In late May, Pakistani soldiers opened fire on American Apache helicopter crews. Did the Pakistani soldiers mistake one of the U.S.’s trademark choppers for the ragtag equipment of terrorists? That encounter was reported by the International Security Assistance Force (isaf), but Afghan and U.S. officials told the Washington Examiner that most such skirmishes are not made known to the public.
“We’re not allowed to return fire to coordinates inside the Pakistan border,” a military official said on condition of anonymity. “We know it’s the Pakistani military in many cases. Pakistan has been instigating, aiding [terrorist family] Haqqani, and has been purposefully working to turn back any gains isaf has made in the region.”
A different U.S. official said, “This has been going on for some time, but because it’s so sensitive it has been kept relatively quiet.”
Earlier this month, Adm. Mike Mullen said the Pakistani military works with the Haqqani terrorist family as a “veritable arm” of its operations.
Former cia officer Bruce Riedel said Pakistan thinks that although the U.S. is ready to leave Afghanistan, Islamabad is trying to “push us out faster.” Pakistan has ramped up its use of Afghan proxies to undertake terror operations designed to deplete the patience of the Americans and Europeans. Riedel said that Pakistan’s military leaders think “they can weather the blowback from Washington,” since the U.S. has need of Pakistan’s logistical supply lines that stretch from Kabul to Karachi.
This spate of Pakistani attacks on U.S. troops takes its place atop a great mound of evidence of the deterioration of the U.S.-Pakistan relationship.
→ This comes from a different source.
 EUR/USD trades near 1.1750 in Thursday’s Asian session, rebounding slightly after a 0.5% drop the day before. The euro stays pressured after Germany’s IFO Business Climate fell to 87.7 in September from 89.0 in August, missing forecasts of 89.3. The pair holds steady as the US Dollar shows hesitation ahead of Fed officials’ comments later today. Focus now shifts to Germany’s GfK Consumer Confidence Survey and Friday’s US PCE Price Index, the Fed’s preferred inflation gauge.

Last December, a lawsuit filed in Pakistan exposed the identity of the man who was then station chief of the cia, and the blown cover forced the organization to pull the vital agent out of Pakistan. Some interpreted the move as a calculated act of revenge by Pakistan after its intelligence chief, Ahmad Shuja Pasha, was named in a U.S. lawsuit relating to the Mumbai terrorist attacks.
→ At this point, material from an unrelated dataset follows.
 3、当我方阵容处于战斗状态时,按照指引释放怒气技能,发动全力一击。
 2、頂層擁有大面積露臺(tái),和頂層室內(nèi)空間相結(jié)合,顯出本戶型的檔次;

Then in May, cia director Leon Panetta explained why U.S. troops killed Osama bin Laden on Pakistani soil without first alerting officials in Islamabad. “It was decided that any effort to work with the Pakistanis could jeopardize the mission,” he told Time magazine. “They might alert the targets” (May 3).
The unilateral action made plain that the U.S. didn’t trust Pakistan, and deeply embarrassed the Pakistani government. The embarrassment intensified on May 9, when U.S. military officials said President Obama had insisted that the assault team be large enough to battle its way out of Pakistan in the event of confrontation from hostile Pakistani troops or police officers. Pakistani Prime Minister Yousuf Raza Gilani responded by saying Pakistan could react to future U.S. raids on its soil with “full force.” Any “overt or covert” attack would be met by a “matching response,” Gilani said.
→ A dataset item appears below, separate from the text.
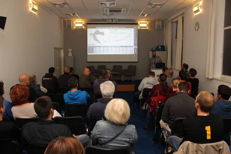 Fotografije s prvog Morskog utorka nakon ljetne stanke. U goste su nam došli mag. ing. Iva Žužul i mag. ing. Igor Talijančić i govorili o istraživanju populacije podlanice u Jadranu. Ona je kao jedna od komercijalno najvažnijih vrsta pod velikim ribolovnim pritiskom, no ujedno je uz brancina najznačajnija vrsta u akvakulturi. Zahvaljujući prebjezima iz uzgoja, klimatološkim promjenama i drugim faktorima, populacija podlanice u divljini raste.

The significance of the rising tensions between Pakistan and the U.S. cannot be overstated.
Over the past decade, Washington has pumped over $18 billion in military and civilian aid into Pakistan, but the alliance is crumbling. As Pakistan parts with the U.S., it is gearing up to replace the billions of dollars of aid it has been receiving from Washington by courting China and seeking help from Saudi Arabia. With much of the Muslim world blazing with uprisings, the time may be ripe for a coup that could ally nuclear Pakistan with another emerging bloc.
The Trumpet has often warned of the danger of Pakistan and its nuclear arsenal falling under the control of radical Islamism and Iran. For example, in January 2008, editor in chief Gerald Flurry wrote that “Pakistan also has the nuclear bomb and could be taken over by radical Islam, with plenty of help from Iran.” This nation, the world’s seventh-most powerful military power, could soon become a “proxy of the Iranian mullahs,” he warned, and “this would be the worst possible disaster!”
We have also pointed to the possibility that, despite its Muslim majority, Pakistan could eventually be allied with China, contributing its strategic seaport and its soldiers to a prophesied end-time pan-Asian army.
In any case, as columnist Joel Hilliker wrote earlier this year, “It certainly appears that America’s tattered alliance with Pakistan is all but over.” This is yet another sign of the end of the Anglo-American era and the rapid development of a new world order.